RELATED: New Nationals MP Luke O'Sullivan blocked from Parliament

New Nationals MP Luke O’Sullivan has called on Premier Daniel Andrews to enable him to take his seat in state Parliament. 

The Supreme Court on Wednesday found it did not have the power to direct the Parliament to hold a joint sitting, which is required for Mr O’Sullivan to be sworn into the Victorian upper house. 

The new Nationals MP was selected by the party to replace Damian Drum, who has entered federal politics.

“I call on Daniel Andrews to do the right thing and hold a joint sitting,” Mr O’Sullivan said.

He said the dispute had deprived the people of Northern Victoria their full representation for too long.

Mr O’Sullivan told the Bendigo Advertiser last month he was unable able to set up an office, employ staff, get an email address or represent the electorate’s constituents until he had been sworn in.

Leader of the Nationals Peter Walsh said the resignation of Senator Stephen Conroy meant there must be a joint sitting of the Victorian Parliament to appoint a new senator. 

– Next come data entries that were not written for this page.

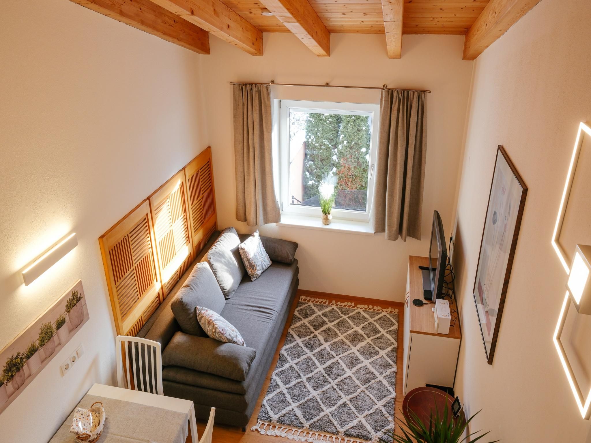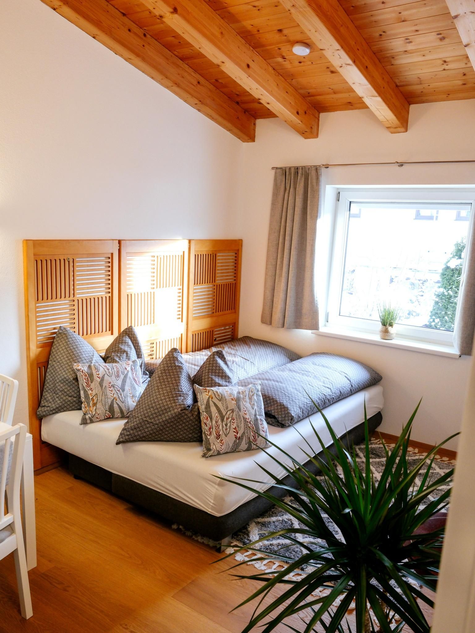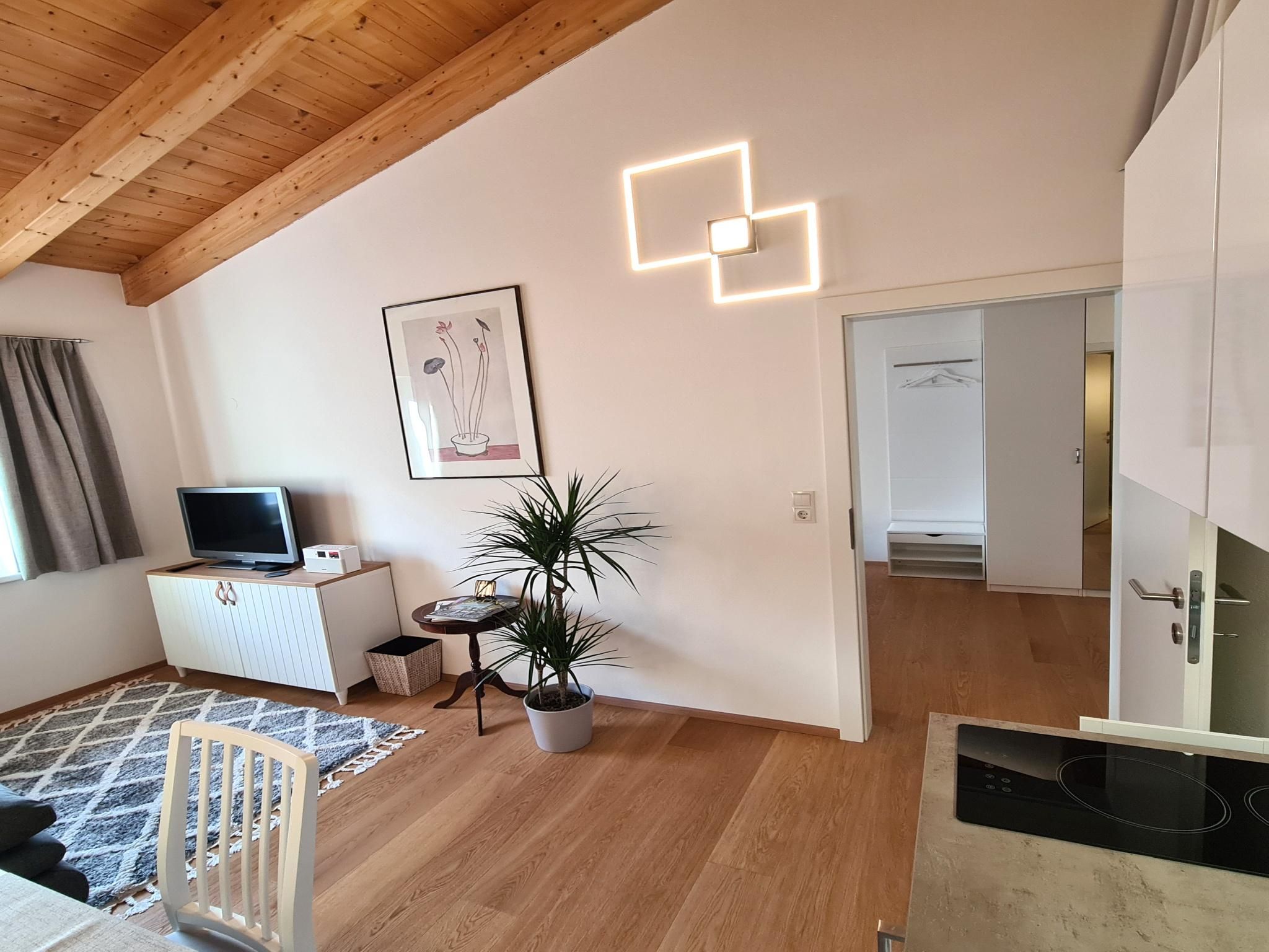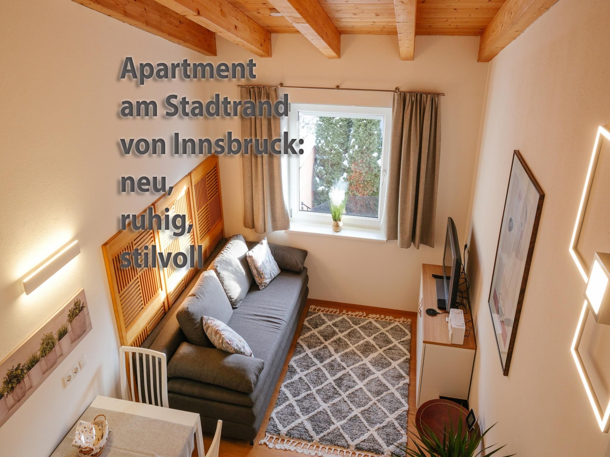 Eine stilvolle 2-Zimmer-Wohnung zum Wohlfühlen in einem ruhigen Stadteil von Innsbruck (Höttinger Au, Stadtrand, 10 min zum Zentrum). Perfekt für ein Pärchen oder eine Familie mit bis zu zwei Kindern. Das 30 m² große Appartement verfügt über ein Schlafzimmer, ein Wohnzimmer mit Küche und ausziehbarem Sofa und ein Bad mit Dusche & WC.Die Wohnung befindet sich im 1. Stock eines Zweifamilienhauses und wurde Anfang 2023 komplett renoviert (Eichen-Parkettböden, Türen, Dusche, Elektro, LED-Beleuchtung, Installationen, ...) und zur Gänze inklusive Mini-Designküche neu eingerichtet. Die Unterkunft besticht durch die große Raumhöhe (bis 4 Meter) unter den Dachbalken und gibt der Wohnung ein besonderes Flair.Auf der Nordseite des Hauses befindet sich der Gratis-Parkplatz für Gäste. Hier erfolgt der Aufgang über eine Außentreppe zum Eingang der Wohnung. Schlüsselbox für self Check In vorhanden.
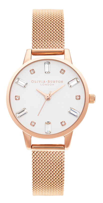 Olivia Bejewelled Rose gold OB16BJ02-kellossa on huomiotaherättävän valkoinen kellotaulu, jota koristavat aidot Swarovskin briljantti- ja baguettehiotut kristallit. Kellon ruusukullanvärinen runko leveydeltään 34 mm:iä, ja 2 mm leveä mesh-ranneke on säädettävissä max. 20 cm pituuteen. Olivia Burton -kelloilla on 2 vuoden takuu, ja ne toimitetaan valmistajan alkuperäisessä rasiassa.
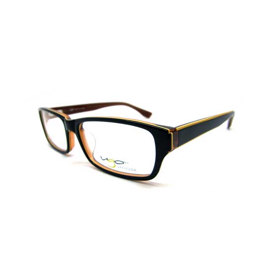 This full-rim optical frame features a black appearance with yellow and brownish highlights. It is durably made to withstand bumps and scratches. This fashionable optical frame is a great choice to update your look.

“The Liberal-Nationals Coalition welcomes the opportunity to swear Mr O’Sullivan into the Legislative Council and appoint Senator Conroy’s replacement at the earliest opportunity,” Mr Walsh said.

He said the Nationals had pursued all avenues available to it to see the joint sitting held. 

Mr O’Sullivan said the party would not be appealing the decision.

“While we are disappointed the courts cannot assist further in resolving the matter, we don’t regret challenging Daniel Andrews,” Mr Walsh said.

“He is behaving like a bully.”

Labor voted against holding a joint session after Special Minister of State Gavin Jennings was suspended for six months from the upper house earlier this year for refusing to release confidential documents.

His suspension expires in November.

Mr O’Sullivan feared he would be unable to enter Parliament until Mr Jennings returned, though he told Fairfax Media Mr Jennings’ suspension was a separate matter that should have no bearing on a joint sitting.